Friday, May 13, 2011

Interview with Generations Director David Carson

Star Trek: Generations director David Carson spoke recently with about his experience with the franchise and directing Star Trek: Generations. Of note is his story of the death of Kirk (below). His Star Trek directing credits including fan favorite episodes such as TNG's "Yesterday's Enterprise" and Deep Space Nine's series premiere opener of "Emissary." Below are links for the full interview.
Part I | Part II

Your next and last contribution to the franchise was Generations. Kirk died and then he died again, shot in the back by Soran (Malcolm McDowell). It was determined that didn’t work, and everyone gathered again to shoot a new Kirk death sequence. Take us through that situation.
Carson: Kirk was to be shot in the back. What was written and what was accepted by the studio and the producers was never acceptable as far as I was concerned. I mean, here’s this great icon. This Captain Kirk is an icon. He means a lot to people. So to have him die in an ignominious way, when you’re shooting in this incredible mountain area… I fought for that not to happen, but lost the battle. And when we were out on the set I remember that Bill and Patrick and I called the studio to say, “Please, can we not do this? Can we do something else? Let’s stay here. Let’s re-write it.” Because we didn’t feel it was going to work. They did it as well as they could, but frankly, shooting somebody in the back on a narrow ledge on a mountainside is not the most dramatic way for someone to die, especially when the baddie, Malcolm McDowell, also got shot. So it was like an antiquated gunfight, if you like.
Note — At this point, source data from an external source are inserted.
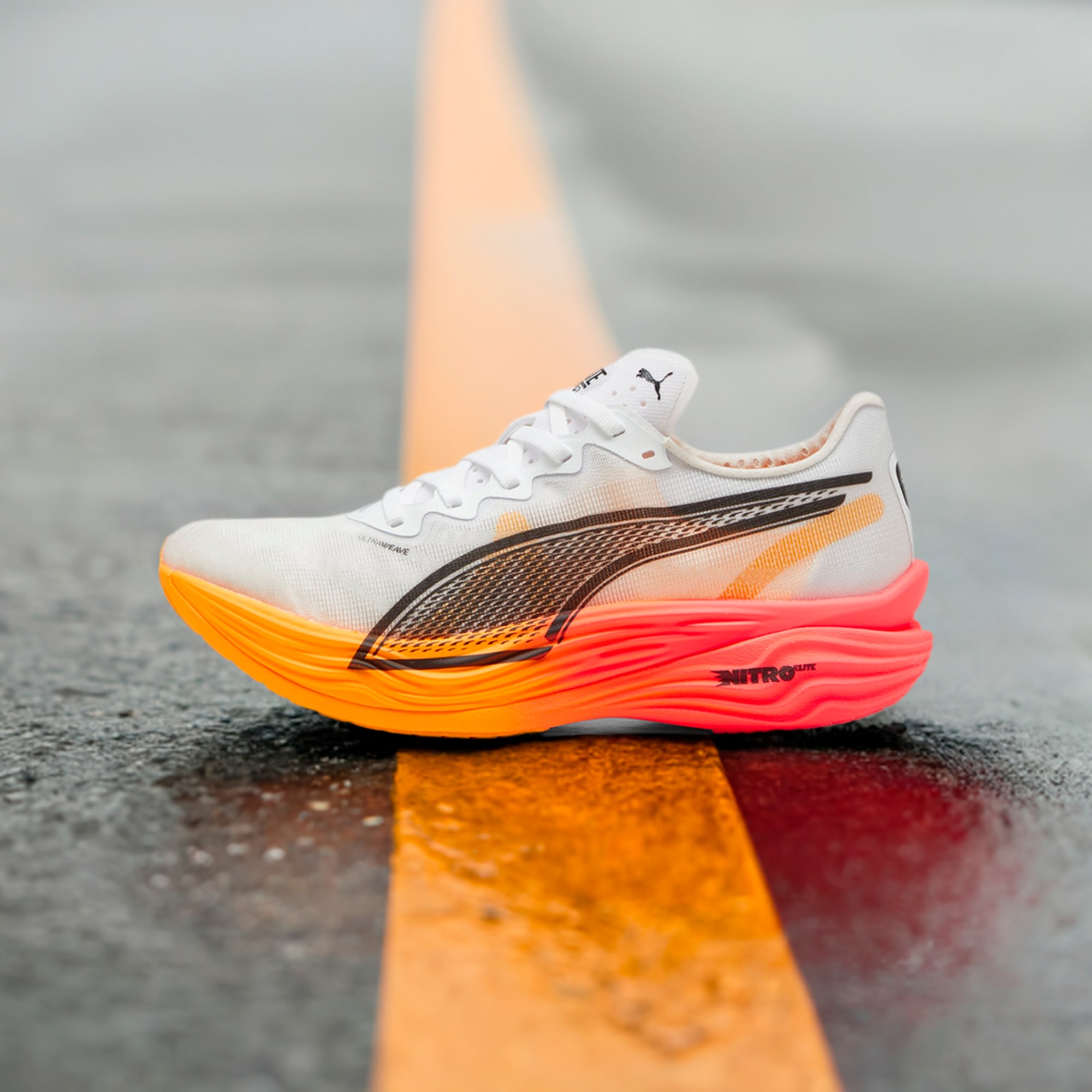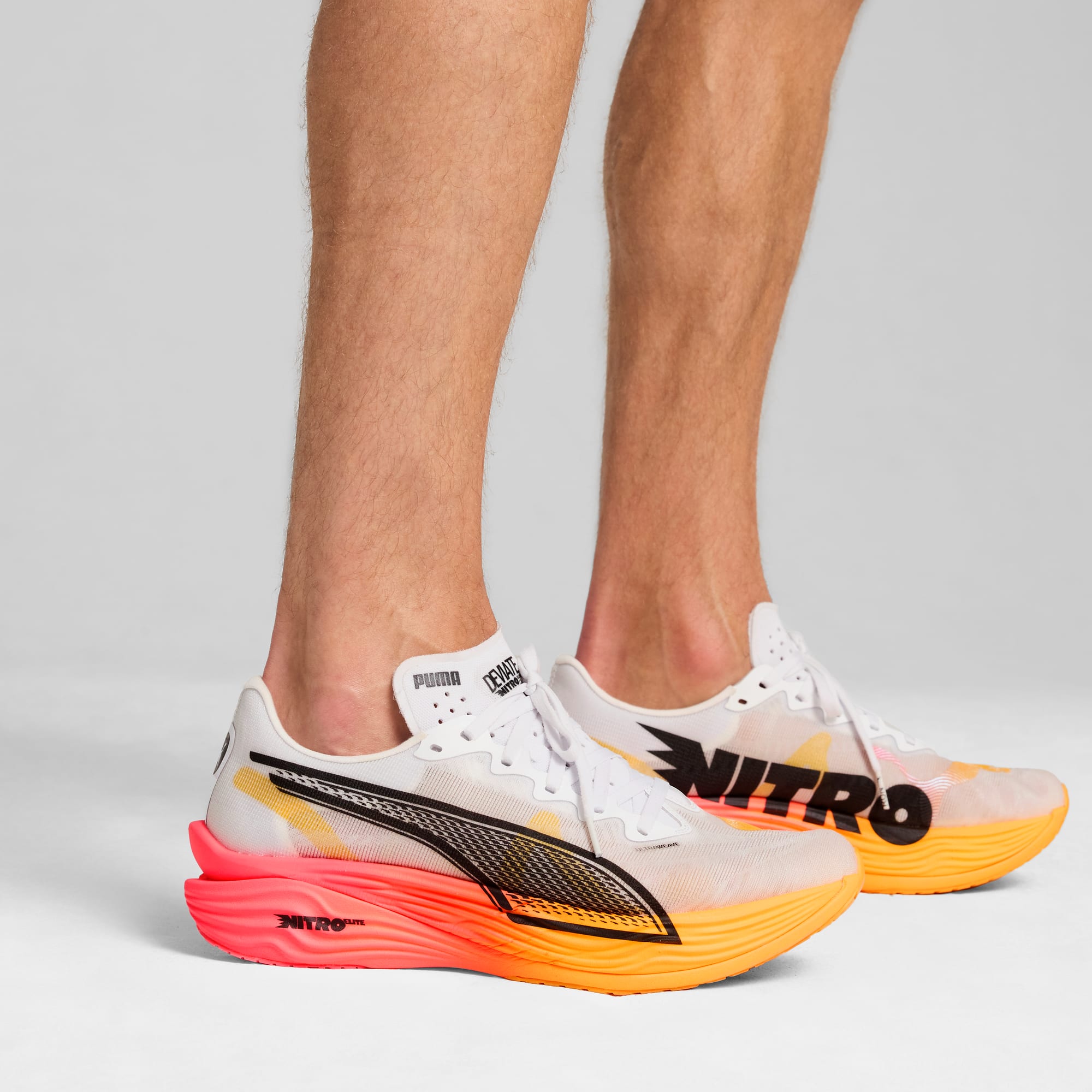 Hit turbo speed. The Deviate NITRO™️ Elite 3 is a running shoe redesigned for lightweight, race day propulsion. A carbon fibre PWRPLATE ensures stability and maximum running efficiency, while NITROFOAM™ ELITE offers supreme cushioning that won't weigh you down. It's a running go-to made with lightweight mono-mesh and durable pumthtaGRIP rubber for multi-surface traction and an effortless run.- Style: 310639_01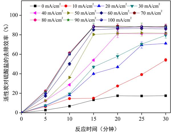 電流密度是一個關鍵參數(shù),它不僅影響凝結劑的用量,還影響氣泡的形成速率,氣泡的大小和絮凝物的生長。各種選定的電流密度:0、10、20、30、40、50、60、70、80、90和100mA/cm2在批量實驗中應用了,以建立電凝與活性炭耦合過程的有利電流密度范圍。在30分鐘的反應時間下使用鋁不銹鋼陽極/陰極電極對進行連續(xù)電凝工藝,并使用反應器中的活性炭濃度為0.2g/L來研究電流密度對硫酸鹽的影響去除效率。與活性炭吸附工藝相比,電凝加活性炭即使在低電流密度(10mA/cm2)時也可以顯著提高去除效率。如圖2所示,活性炭吸附過程和電凝活性炭吸附偶聯(lián)過程的去除效率在5分鐘時分別為2.7%和6.3%,在30分鐘時分別為17.5和54.2%。由于偶合體系中的反應比簡單的活性炭吸附過程更復雜,因此去除效率有所提高。電凝結合活性炭吸附對硫酸鹽去除效率有重要影響。結果表明,去除效率隨著電流密度的增加而顯著提高。電流密度為70mA/cm2時,去除效率最高(88.9%)。這種現(xiàn)象可以歸因于這樣的事實,即在高電流密度下,氧化金屬的數(shù)量增加,從而導致大量的Al(OH)3(s)顆粒有利于去除污染物。
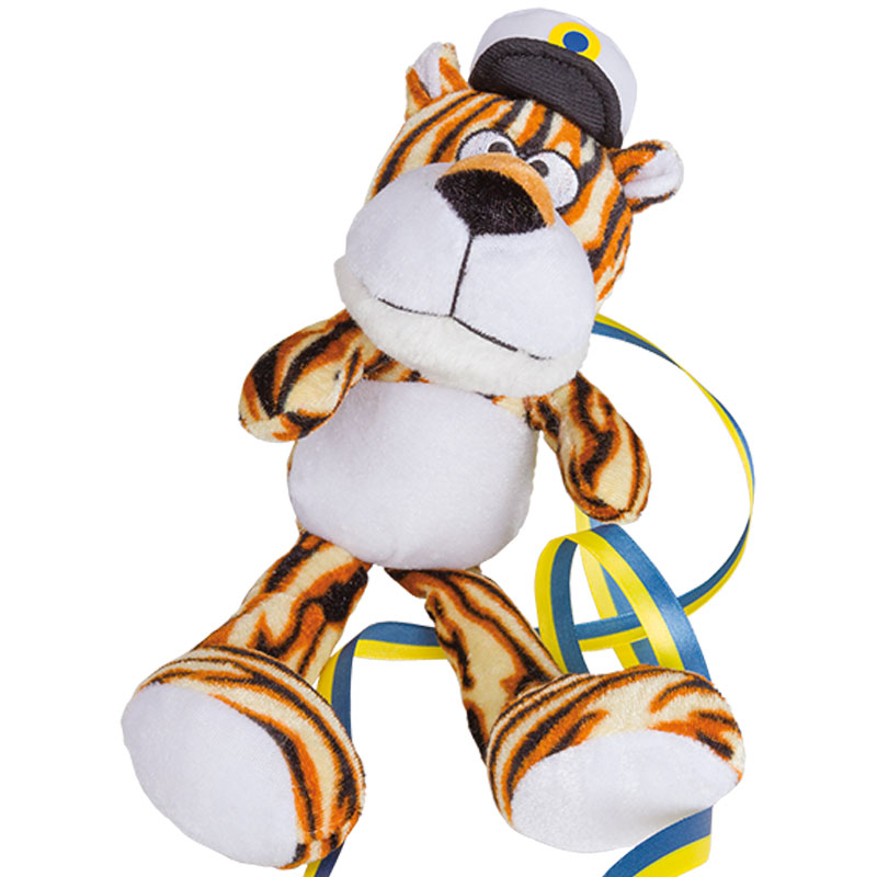 Student Gosedjur Tiger omfattar ett orange- och svartfärgat mjukisdjur i form en tiger med studentmössa på huvudet samt ett blågult nylonband fastsatt vid halsen.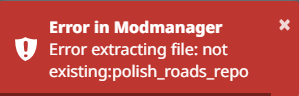 My game crashed and now the Polish Road mod works? Its so weird. --- Post updated --- still doesn't unpack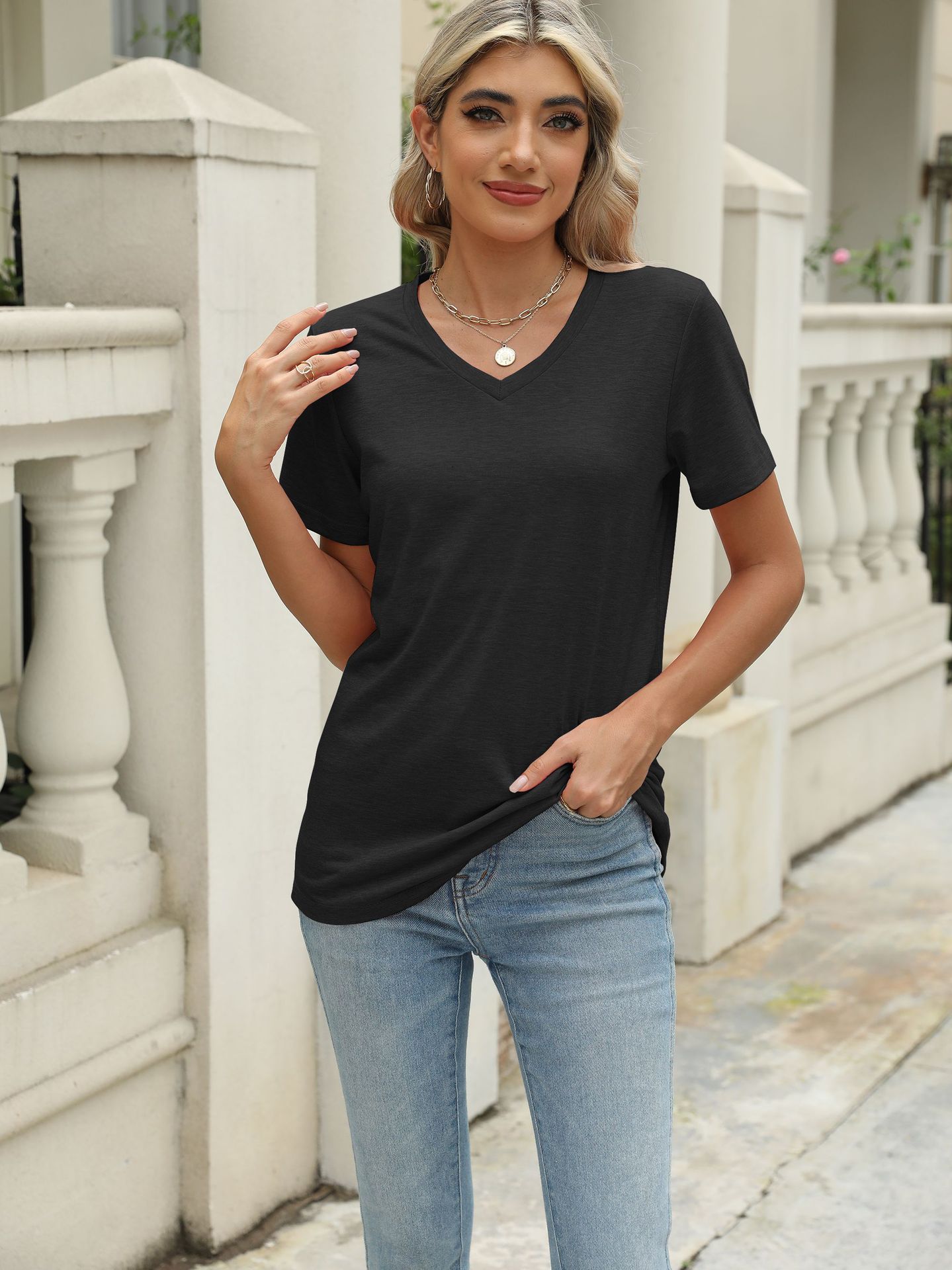 솔리드 컬러 2024 여름 새로운 유럽과 미국 여성 v 넥 패션 느슨한 반팔 티셔츠 여성스토어 가기

We put the film together and brought it back to the studio. I remember asking Rick and the studio to come and see it. (Studio boss) Sherry Lansing came to the cutting room and looked at it. And everybody’s opinion was, “We’ll have to wait until we do a public test viewing.” So we did. We did a test viewing and the film got tremendously good scores… until the ending happened and then the scores just fell off the page. So it seemed that the test audience also agreed that our shooting Kirk in the back was really, totally anticlimactic and not the kind of thing that they wanted at all. So, very dramatically, that evening, after we came out of the theater, we were all called into Sherry Lansing’s office. She said, “You can’t change the date of the presentation of the movie, but we need to add a completely new ending. We want you to re-present it to us, then go and shoot it and have it in the movie by that time, so it can open properly.”

What then?
Carson: We all looked at each other. She said, “I don’t care how you do it, just go on and get it done, and then come back.” So we re-wrote the ending and did the ending that you see now in the film. And it was, of course, a huge undertaking because we were doing an action scene in virgin territory in the middle of a national park north of Las Vegas. It was immensely dramatic and because we decided to put it on a bridge, we had to have three helicopters putting the bridge into place and attaching it to these virgin rocks. It was just amazing. Fortunately for us, the Parks Department loved the idea that Star Trek was going to be done in the park.

So we shot for another two weeks, which cost a huge amount of money, and it was so disruptive of the final process. Dennis McCarthy, who wrote the score, wrote the score for the whole movie up to that point. He had 10 minutes to add and was waiting, waiting for us to finish editing it. However, I will say that the reshoots were very exciting. The crew loved doing it because it was such an action ending and much more fitting for Kirk. Captain Kirk’s death now meant something. Before, being shot in the back, it meant absolutely nothing. This time he really saved the day. So it was well worthwhile in the end, I think.